A plan to vote on two competing House bills that would reauthorize a powerful surveillance authority ran into trouble Monday evening, with Republicans at odds over proposals that take different paths on privacy protections.
The House discussed the bills to renew Section 702 of the Foreign Intelligence Surveillance Act at a Rules Committee meeting Monday, and Republicans had been aiming for floor votes as early as Tuesday.
But the panel adjourned Monday without acting on the two bills on Section 702, which is set to expire at the end of the year. Chairman Tom Cole, R-Okla., after a committee recess, announced that they “no longer anticipate further consideration” of the proposals.
Last week, the Judiciary Committee advanced one bill and the House Intelligence Committee advanced a different bill. Both panels agree the powerful surveillance tool should be reauthorized, but the two measures take starkly different approaches on privacy protections for information of Americans swept up in the spy program.
Last week, House Speaker Mike Johnson in a letter said he plans to bring both measures to the floor under a special rule that allows members a “fair opportunity” to vote for their preferred measure.
The approach would gauge support in the House on a surveillance topic that does not cut along sharp partisan lines. But some Republicans on Monday evening threw cold water on holding floor votes on the bills, while other lawmakers voiced concerns about which panel had jurisdiction over the Section 702 program.
And there’s a ready off-ramp to avoid an immediate floor showdown. A “clean” extension of Section 702 through April 19 is part of the final version of the fiscal 2024 National Defense Authorization Act, which both chambers look to take up this week.
Republicans exiting a meeting Monday evening spoke against quickly holding floor votes on the two longer-term reauthorization bills.
“We heard two different sides, Intel versus Judiciary,” Rep.

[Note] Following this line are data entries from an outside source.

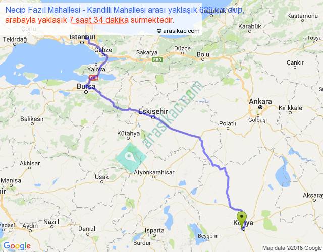 Necip Fazıl Mahallesi - Kandilli Mahallesi arası yaklaşık olarak 90 km/h ile yukarıda belirtilen sürede olup, iki yerin kuş uçuşu uzaklığı (mesafesi) 457'dir. Eğer belirtilen yerler arasında uçak seferi var ise bu süre uçakla 42 dakika'ya kadar düşebilir. Yolculuk otobüsle 9 saat 50 dakika sürmektedir.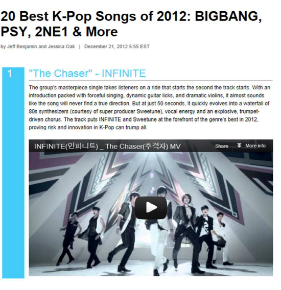 미국 빌보드는 21일(현지시각) '20 베스트 K-POP 송즈 오브 2012'를 선정했다. 인피니트는 '추격자'로 씨스타 나얼 2NE1 빅뱅 싸이 등을 제치고 1위에 올랐다. 빌보드 측은 "파워풀한 보컬, 다이나믹한 기타, 드라마틱한 바이얼린으로 이뤄진 초반부는 얼핏 방향을 못잡고 있는 것 같아 보이지만 50초 만에 폭발적인 가창력과 트럼펫이 이끄는 코러스, 80년대 신서사이저는 단숨에 음악을 변화시킨다. K-POP이 지닌 혁신을 증명하며 최고를 차지했다"고 밝혔다.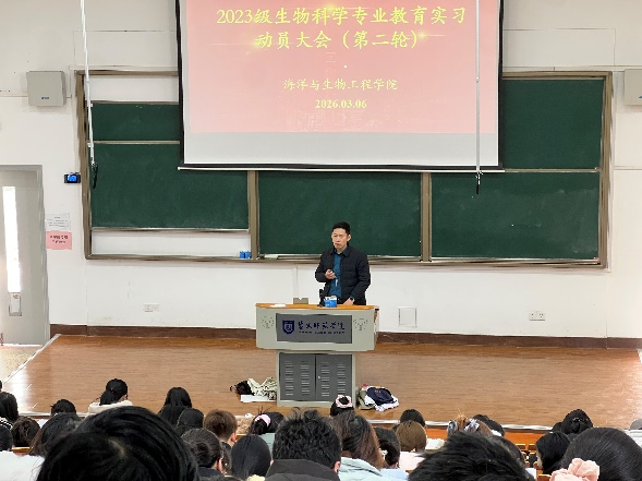 3月6日下午,williamhill英国在城资楼A200教室举行2023级生物科学(师范类)专业教育实习动员大会。会议旨在引导学生明晰实习目标、强化实践能力,为即将开始的教育实习做好准备。江苏省盐城中学教师陈盈盈受邀作专题辅导。学院副院长李祥、生物科学系主任栾海业、副主任徐梦、学工办副主任陈晨及全体学生参会。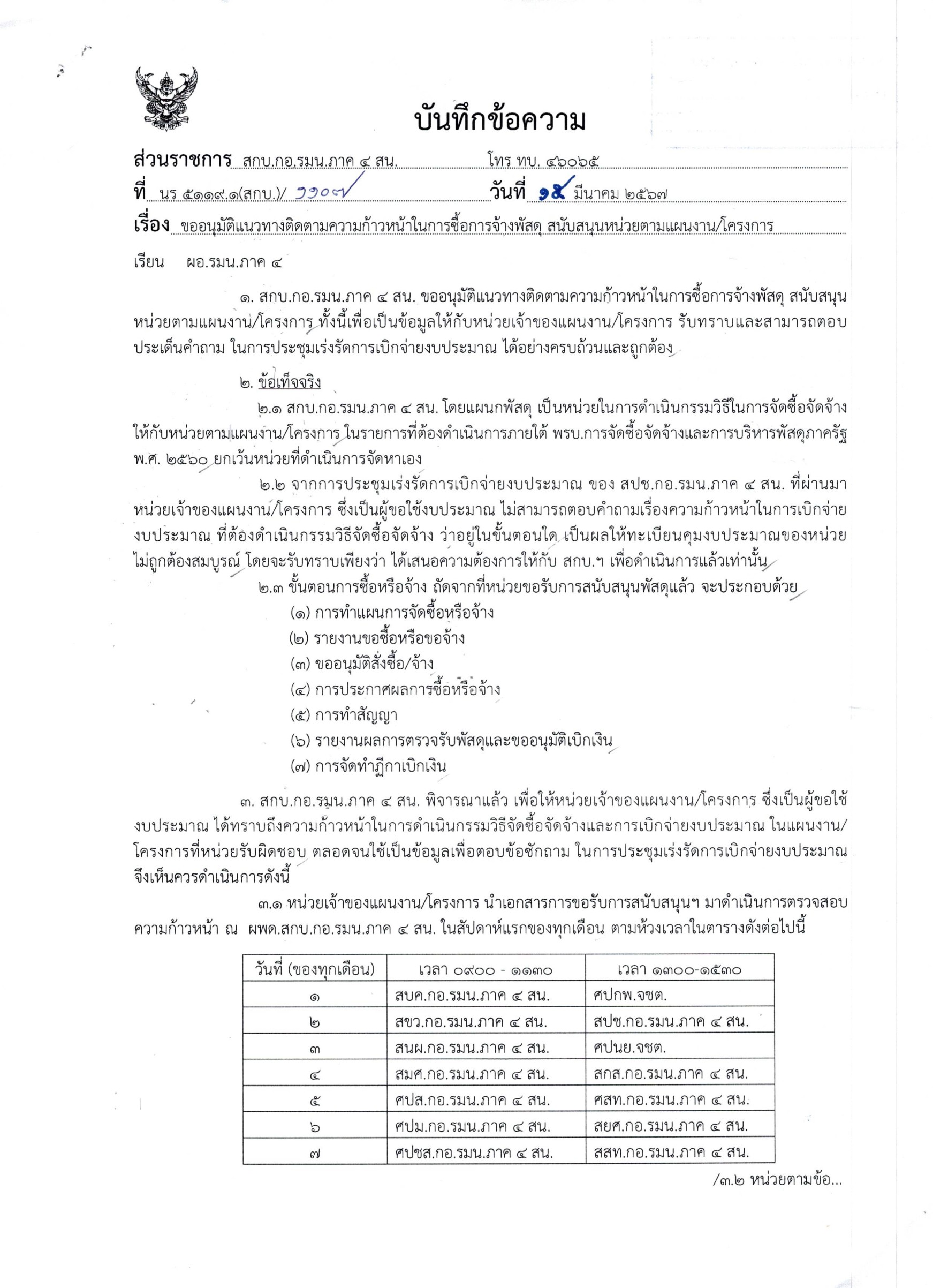 ขออนุมัติแนวทางติดตามความก้าวหน้าในการซื้อการจ้างพัสดุ สนับสนุนหน่วยตามแผนงาน/โครงการ

Ralph Norman, R-S.C., said. “It needs to be one bill, and so, extend it four months. Let’s get together on one bill. Let everybody be educated on it. Nine tenths of the people in there other than Intel and Judiciary don’t know the specifics.”
“The two sides need to come together. We’re fighting for America, to protect America,” Norman said.
Rep. Mike Garcia, R-Calif., said he told the conference that Section 702 is the most important national security debate they have had since he’s been in Congress. “And if we need to slow down and do this right, then let’s do that,” Garcia said.
And if there’s going to be a short-term extension of Section 702, “Let’s go have this conversation several more times and get alignment. Hopefully, we can get down to one product,” he said.
The surveillance authority allows the U.S. government to collect digital communications of foreigners located outside the country.
But the program also sweeps up the communications of Americans and allows the FBI to search through data without a warrant using information such as an email address.
Committee jurisdiction
At the Rules Committee hearing, several members of the Judiciary Committee voiced objections that indicated there is also a turf war between the panels.
Rep. Thomas Massie, R-Ky., a member of the Judiciary and the Rules committees, said there shouldn’t be a rule that puts both bills on the floor because the Judiciary Committee has jurisdiction over the Section 702 program.
Such a rule would allow “just taking authority for an entire bill from one committee and giving it to another committee by a vote of the House.”
Massie instead pitched the idea of bringing the Judiciary Committee bill to the floor with a rule that would allow the Intelligence Committee to propose changes so that those members “can have your moment on the floor.”
“We shouldn’t go willy-nilly about creating new precedents and bending our own rules just because a committee that has lesser jurisdiction, in fact, not the jurisdiction over the programs being reformed, wants to bigfoot the other committee,” Massie said.
Rep. Jerrold Nadler, of New York, the top Democrat on the Judiciary Committee, also advocated at the Rules meeting for having a floor vote on the Judiciary bill and not the Intelligence bill.
Doing both “would set up this contest” which is “not the right way to go,” Nadler said.
And Rep. Andy Biggs, R-Ariz., a member of the Judiciary Committee, said warrant requirements or transparency with the courts is “clearly” under the jurisdiction of his panel.
“Quite frankly, I view that in some ways, while we’ve tried to play nice with Intel, I view them as encroachers and interlopers,” Biggs said.
At a committee meeting last week, Intelligence Chairman Michael R. Turner, R-Ohio, said the Judiciary measure would provide “immunity from prosecution for some horrific crimes, if they’re discovered in 702 foreign intelligence collection.”
“Under their bill, 702 information would not be admissible in criminal prosecutions for horrific crimes such as child pornography, human trafficking, murder and even money laundering,” Turner said. “These are provisions of their bill that they’re going to have to explain.”